The effects of left multiply and right multiply of stochastic matrix (i.e. the parameter --flip)
jiayao6 opened this issue · comments
Thank you so much for your great job and sharing the code.
In the paper Eq. 1, the affinities are normalized by a row-wise softmax. So I think in Eq.2, the multiply should be the right multiply. More specifically, the right multiply A_{t}^{t+1} * A_{t+1}^{t+2} makes sense, while the left multiply A_{t+1}^{t+2} * A_{t}^{t+1} does not make sense. According to Eq. 4, we can also know the right multiply is correct.
However, when we reproduce the experiments, the result is opposite. The left multiply (--flip True) is correct, of which the performance is above 0.67; the right multiply (--flip False, which is default) is wrong, where the performance is only around 0.2, which is below than random initialized model (around 0.4).
I cannot explain why it happens, could you help me to find the reasons?

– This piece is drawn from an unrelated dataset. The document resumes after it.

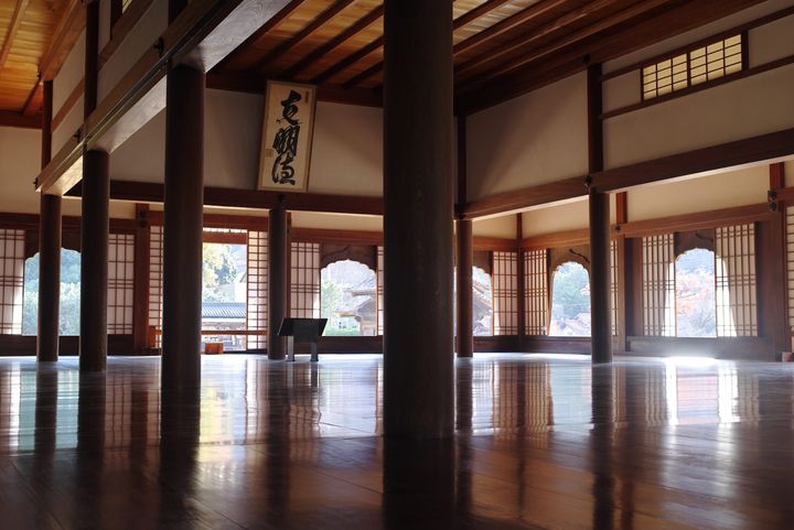 内部は10本のケヤキの丸柱で支えた内室と、その四方を囲む入側(いりかわ)で構成。拭き漆の床は生徒たちによってよく磨かれており、火灯窓から入る光をやわらかく反射させている。
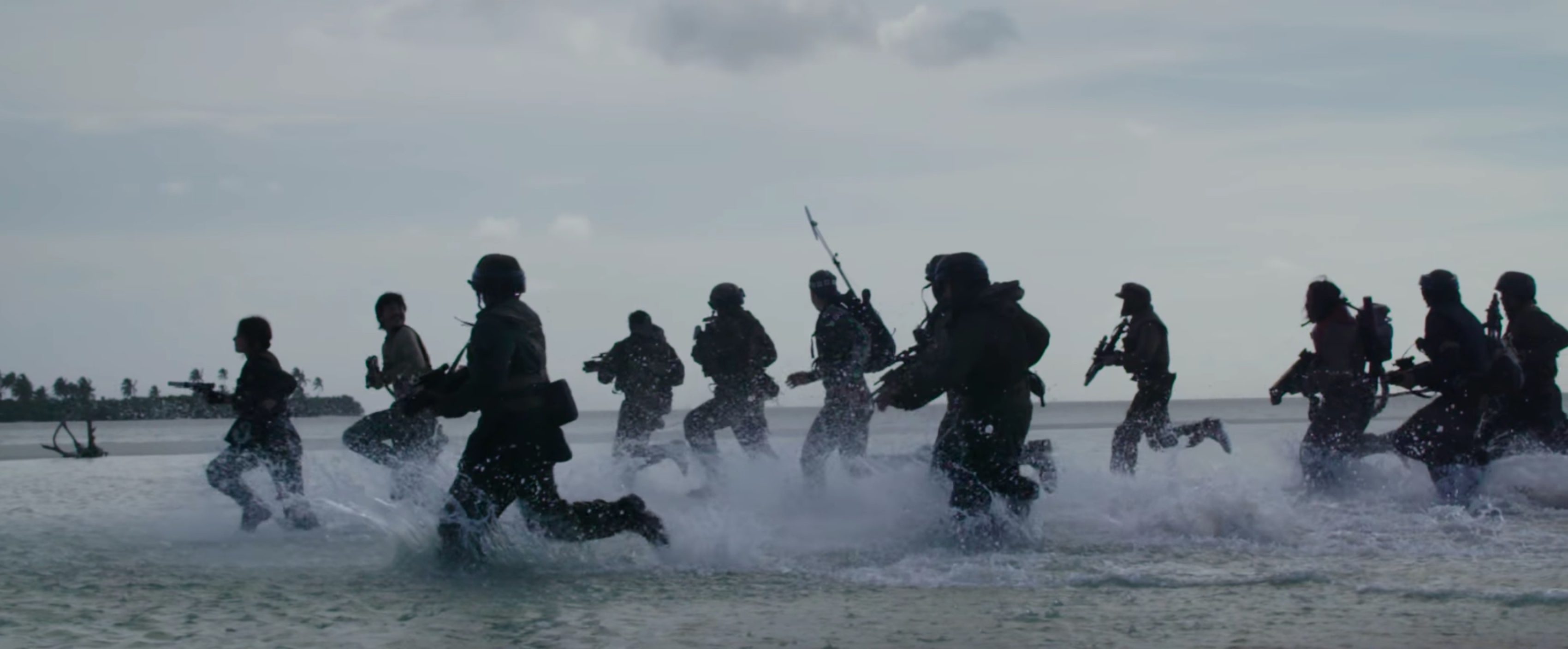 One of the most iconic pieces of imagery from the Rogue One marketing campaign features the squad of Stormtroopers patrolling through the knee-deep water on Scarif. These images were first debuted at Star Wars Celebration Europe (at the conclusion of the reshoots) and became the basis of the print and billboard marketing campaign even though the shots are no longer in the movie.

Looking forward to your reply, thank you!
Hi @jiayao6,
Thanks for the detailed question! It is indeed interesting that the left multiply still works. I suggested a hypothesis in the readme, but essentially, I believe that since the patches do not all change position between time steps, the left multiply results in a occasional shuffling of a few patches. The effect is similar to an edge dropout effect.
I should note that right multiply still works (as it should), but you need to tune the temperature hyper-parameter to a different setting. We found that we needed a slightly smaller temperature (sharper distribution): 0.07 was too high for the right multiply, but 0.01 - 0.05 were ok.
The command provided in the README reproduces the pretrained model provided.
Best,
Allan